Rhythms that can be cardioverted are atrial fibrillation/flutter (AF), supraventricular tachycardias (SVT), ventricular tachycardia or ventricular fibrillation. Synchronized cardioversion is appropriate for all of these rhythms except ventricular fibrillation or unstable ventricular tachycardia.

Indications

Three types of cardioversion can be used to attempt to change the rhythm of the heart. The initial evaluation for which type to use is the patient’s hemodynamic status. If the patient is hypotensive, has chest pain, altered mental status, or heart failure, immediate electrical cardioversion should be considered. Electrical cardioversion can be used for patients that are hemodynamically stable as well and is most likely to be successful but requires sedation. For patients that are hemodynamically stable, there are two additional options: for patients in supraventricular tachycardia, physical maneuvers that increase vagal tone can be attempted, or for SVT and AF, chemical cardioversion may be attempted. Maneuvers to increase vagal tone include having the person bear down and exhale against a closed glottis as if they are straining to have a bowel movement (Valsalva maneuver), or pressing on the carotid artery at the level of the bifurcation (carotid artery massage).

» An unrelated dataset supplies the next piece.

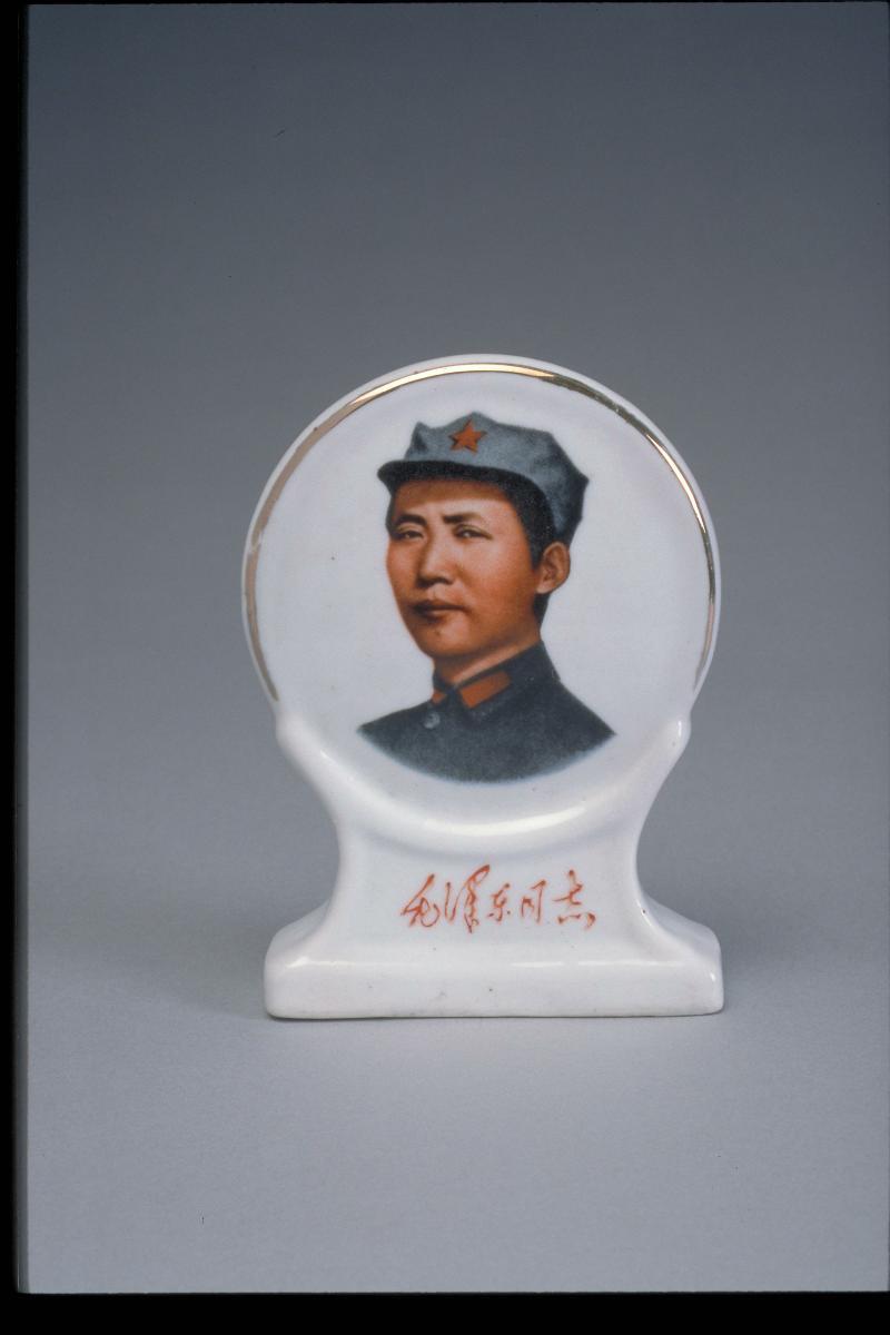 This silk portrait is a reproduction of a famous news photograph published in the People’s Daily in July 1966. The caption under the portrait describes Chairman Mao observing swimmers fighting against the currents from the deck of a speedboat. This image actually depicts Mao after his famous swim in the Yangtze River on 16 July 1966. Mao was photographed waving to crowds who had gathered by the river for a swimming competition that day. The swim taken by Mao at the onset of the Cultural Revolution has been interpreted as a demonstration of his vigour. At the age of 72, Mao showed that he could conquer the Yangtze and was also able to lead the country. Mao was an avid swimmer and advocated the activity as means to strengthen one physically.

Chemical cardioversion involves treating with a medication to convert the rhythm back into a normal sinus rhythm. The success of the chemical cardioversion depends on many factors, including the underlying cause of the arrhythmia, and the duration of the arrhythmia.[4][5][6]

Contraindications

Pharmacological cardioversion is ideal for stable patients. For those who are hemodynamically unstable, immediate electrical cardioversion is indicated.

Equipment

There are many types of pharmacological agents available for acute cardioversion in patients with atrial arrhythmias, but all methods of pharmacological cardioversion are associated with risks of proarrhythmia. With the use of oral agents, there is a 2% risk of polymorphic ventricular tachycardia. Thus, it is vital to perform pharmacological cardioversion in a monitored setting like the intensive care unit. A defibrillator must be available nearly. Equipment for ACLS must be in the room. After successful cardioversion, the patient should be observed for at least 24 to 48 hours or until the QT interval normalizes.

One may use oral or intravenous agents. In the outpatient setting. Intravenous (IV) medications can be used, but the ECG and blood pressure must be recorded continuously.

Personnel

Pharmacological cardioversion should be performed by a cardiologist who has experience dealing with arrhythmias. The cardiologist must be familiar with the different antiarrhythmic agents and be aware of the potential arrhythmogenic potential of cardioversion.

Preparation

Pharmacological cardioversion can be done both as an inpatient or outpatient. Most experts recommend performing the procedure in a monitored setting. The patient should be fasting prior to the procedure. Both ECG and BP cuffs should be attached, and the patient must have two peripheral intravenous lines.

Technique or Treatment

Narrow Complex Regular Tachycardia

This rhythm is sinus tachycardia, multifocal atrial tachycardia (in which therapy is directed toward treating the underlying disease process), or supraventricular tachycardia. Supraventricular tachycardia is a term for a collection of clinically similar rhythms. This rhythm is defined as a regular rhythm with narrow QRS complexes and a rate that is usually greater than 150/min. It is treated with adenosine, which must be pushed rapidly. The half-life of adenosine is very short, and the medication is only effective if given rapidly. The initial dose is 6 mg, which may be followed by two attempts of 12 mg if unsuccessful. An alternative treatment is Cardizem 0.25 mg/kg IV, or metoprolol 5 mg IV.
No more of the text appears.